0193 太平托子(2/2)
太平公主講到這裡,還未消紅腫的眼眶又是淚水盈盈,只抓著李潼的手,一臉真切的望著他。
李潼聽到這個要求,心裡也是頗為複雜,沉默了好一會兒才開口道:「我是從心裡感激姑母的賞識看重,也未嘗沒有敬受重託的膽氣。但我自己尚是摸索前行,戰戰兢兢,唯恐行差踏錯,辜負了世道錯給的嘉許期望。表弟名門貴種,或罹短厄,但也畢竟父族深茂,無患乏援,我貿然受此,若將自己的淺薄遞人……」
「什麼名門?不過是一群專恃祖蔭的短視庸徒罷了!他們自謀尚且艱難,又有什麼良善可以授人!」
太平公主講到這裡,神態之間已經頗有忿色,她長嘆一聲後又說道:「家仇隱情,本不該宣揚在外,但三郎你自是我門庭子弟,更無不可言。薛氏諸眾若是值得託付,我又何必勞煩三郎你……」
大概是心中積鬱良久,太平公主這一張口便滔滔不絕,講了許多與薛氏族人們之間的齟齬糾紛。

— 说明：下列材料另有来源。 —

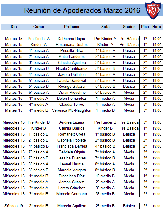 Calendario de la Primera Reunión de Padres y Apoderados 2016 10/03/2016 240 Vistas Compartir Facebook Twitter
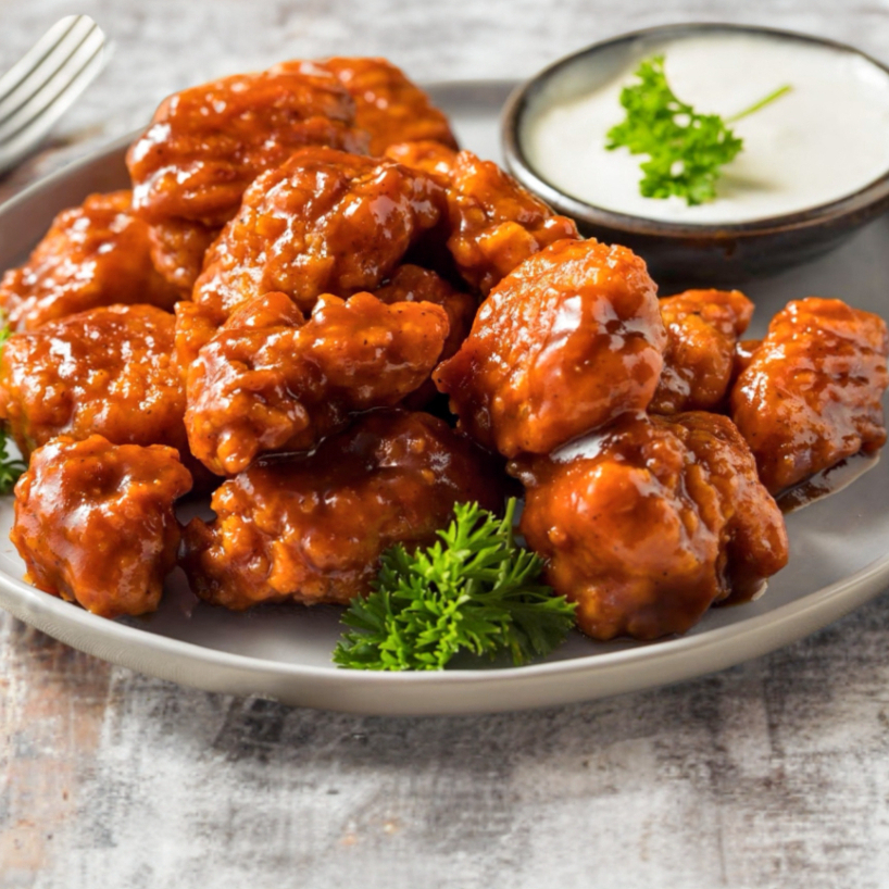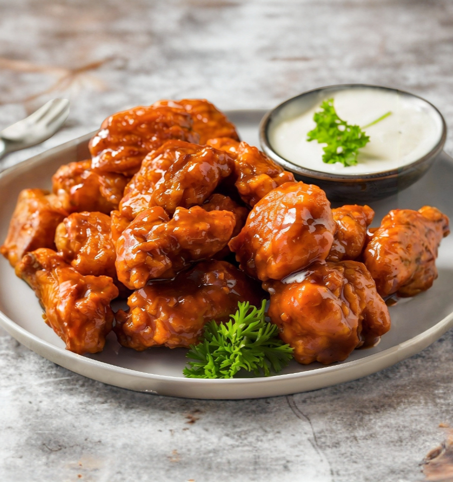 Alas o trozos de pollo fritas bañadas en salsas de la casa
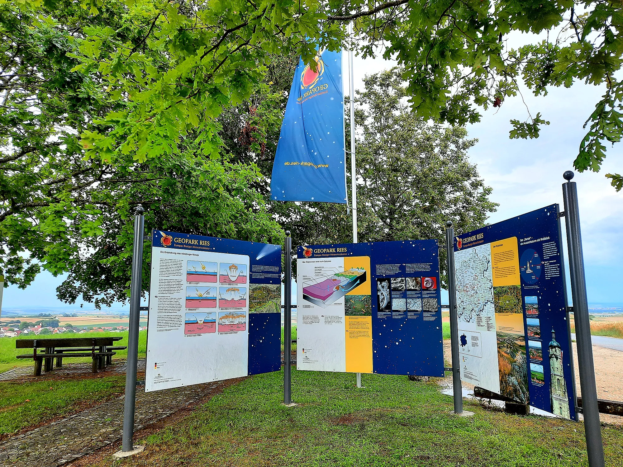 Auf Initiative von Antonie Schäble aus Wemding und Hermann Straß aus Nördlingen werden nun am Lommersheimer Weg in Wemding, wo Oberjura-Riesgesteine (Kalke) liegen und ein besonderes schöner Blick in den Rieskrater möglich ist, auf einer neuen Tafel Informationen zum Riesereignis gegeben. Der Tafeltext wurde von der Geopark-Geologin Gisela Pösges erstellt und erklärt die Auswirkungen des Einschlags auf die Wemdinger Umgebung.
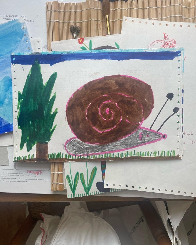 Je vous partage ici une sélection de dessins retrouvés non sans émotion hier dans ma plus précieuse boîte à trésors : une boîte dans laquelle ma mère a gardé TOUS mes dessins d’enfant de 2 à 6 ans.
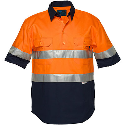 High visibility two tone regular weight short sleeve closed front shirt with tape
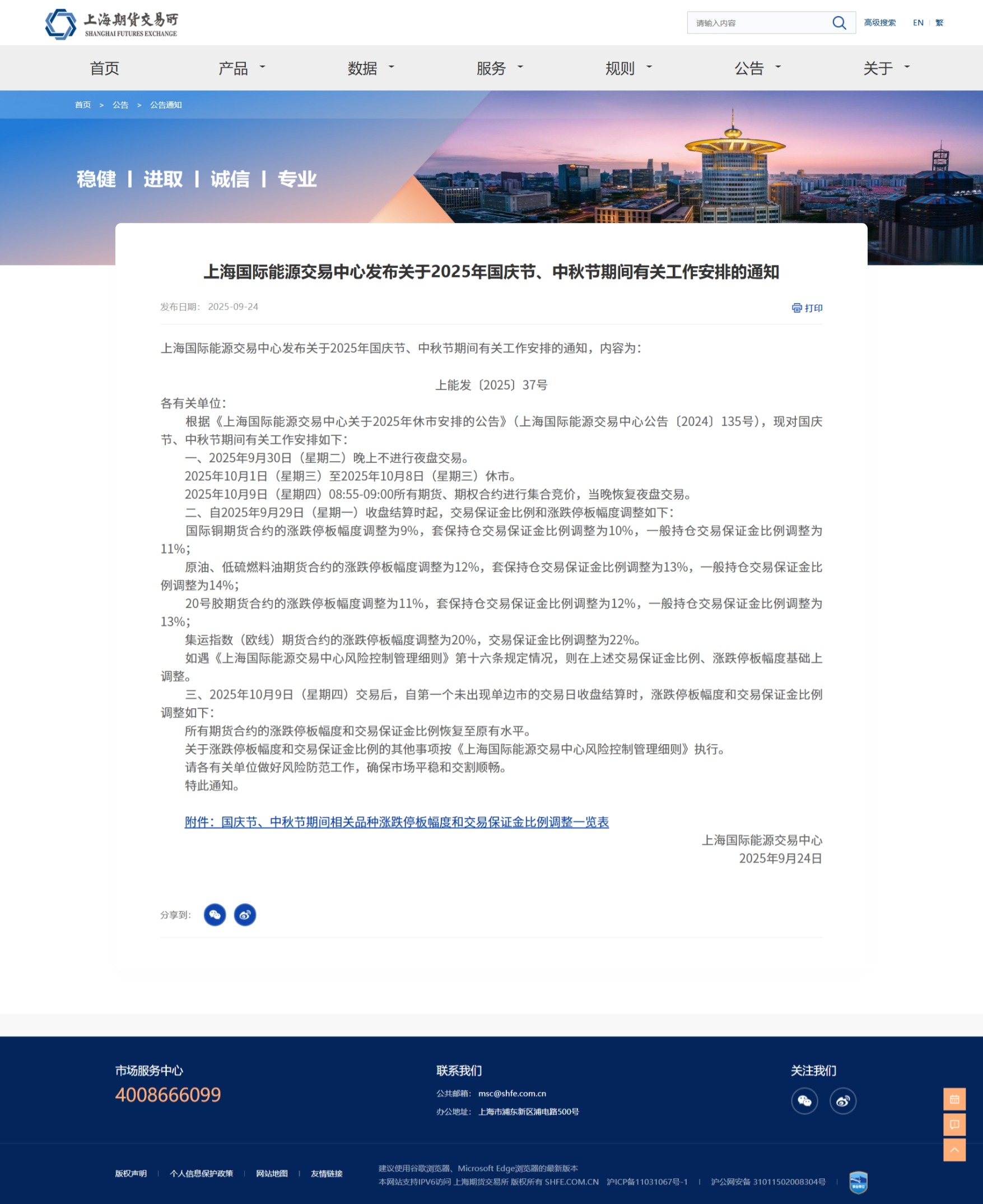 转发上海国际能源交易中心发布关于2025年国庆节、中秋节期间有关工作安排的通知
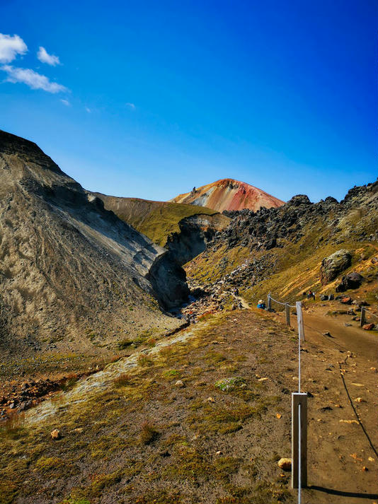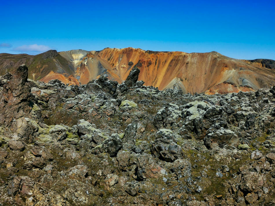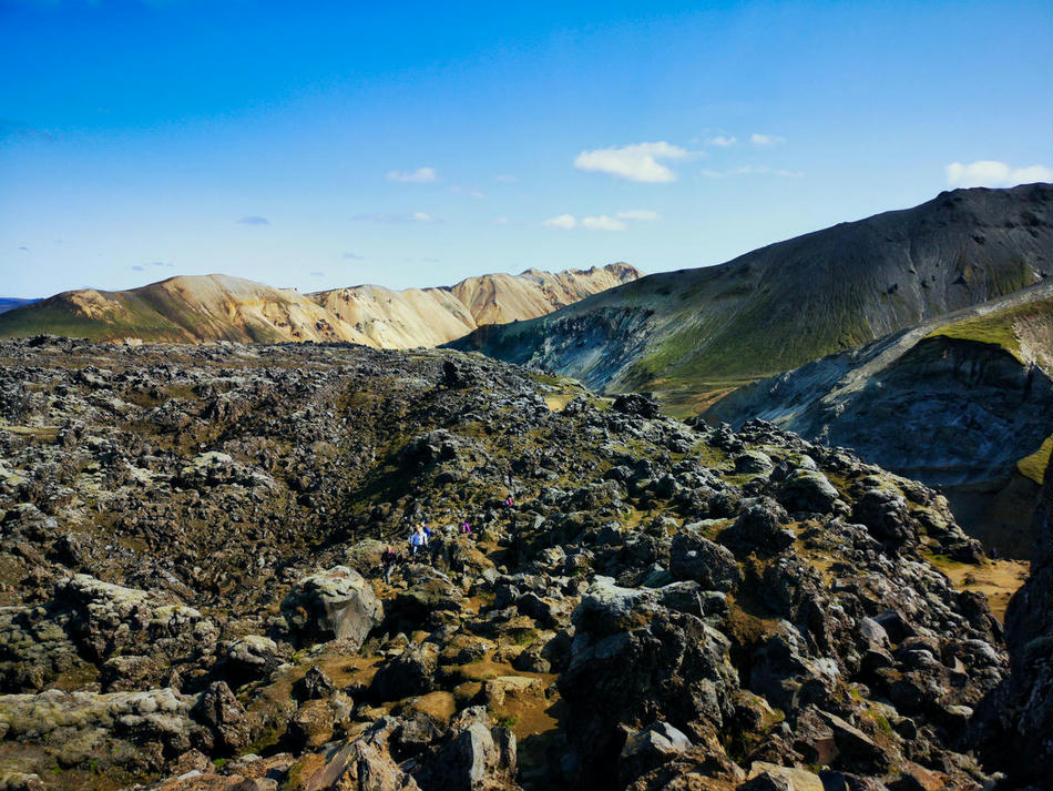 Nachdem wir den Flusslauf verlassen hatten, liefen wir mitten in das Laugahraun Lavafeld hinein. Gleichzeitig mit der Umgebung veränderte sich auch der Anstregungsgrad des Weges. Gerade noch sind wir entspannt über einen (zum Teil vielleicht schon etwas schmalen) Weg am Fluss entlang gelaufen und schon kletterten wir über Lavasteine. Der erste Teil des Weges war hier vielleicht auch noch okay, aber irgendwann mussten wir die Holzpfähle, die uns den Weg weisten, schon wie in einem Suchbild suchen. Überall gab es hier den schwarzen Stein und eine grandiose Aussicht auf bunte Berge.
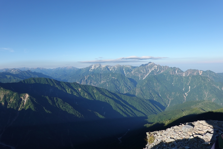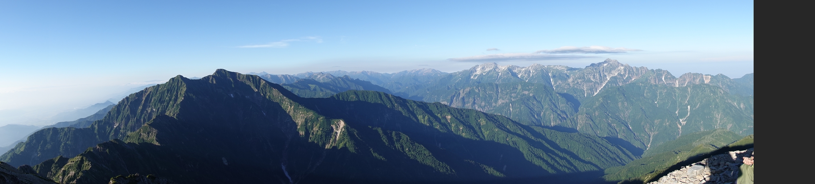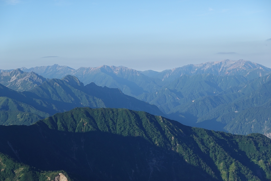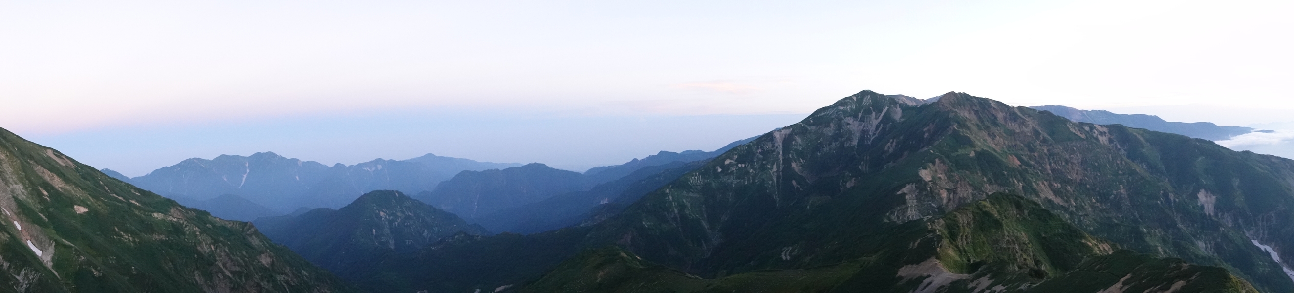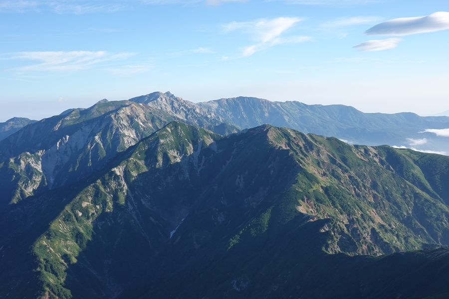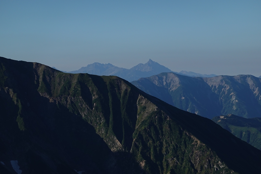 後立山連峰。 歩けないけどどこまでも歩いていけそうな山並み。 |

李潼認真傾聽這番吐槽,心裡則默默將這些事跡進行分類。
太平公主與河東薛氏的矛盾,大體可以分作三類。
一類便是家長里短的摩擦,她是帝宗公主,身份尊貴,下嫁薛氏後雖然與丈夫感情很好,但也絕對做不到尋常人家新婦那麼溫和順從。薛氏又是河東大族,族人眾多,彼此之間難免就頗積摩擦,感情實在算不上好。
清官難斷家務事,薛紹這一支雖然捲入宗王謀亂而幾乎被殺個乾淨,但其他薛氏族眾們仍有留存。這些人並不親近太平公主,按照公主自己說法,他們大概更樂見自家乏於支撐,落魄潦倒。
第二類則就是政治立場的衝突了,薛氏族眾當中,也不乏人對武則天女主執政的不滿。特別武則天讓薛懷義冒籍於薛氏,更被許多人視為家門大辱。李潼甚至懷疑,薛紹兄弟所以涉入越王等人謀亂,大概與此不無關係。
第三類、也是李潼聽來感覺最重要的一類,那就是經濟糾紛。河東薛氏雖然族支眾多,但相對而言時下最顯貴的還是駙馬薛紹這一支,因有一層皇親的關係,所以薛紹兄弟們也掌握著眾多薛氏產業。
可是當薛紹兄弟們捲入謀亂之後,這些產業多數都被抄沒,之後其中大部分則又被武則天轉手賞賜給了太平公主。
拋開別的大是大非,衣食住行乃是生人必須。薛家痛失這樣一筆龐大產業,那真是有切膚之痛。即便這些產業不屬他們名下,但早前掌握在自家族眾們手中,多多少少總能分惠一些。可是現在卻被太平公主領掌,他們再想分潤那就難了。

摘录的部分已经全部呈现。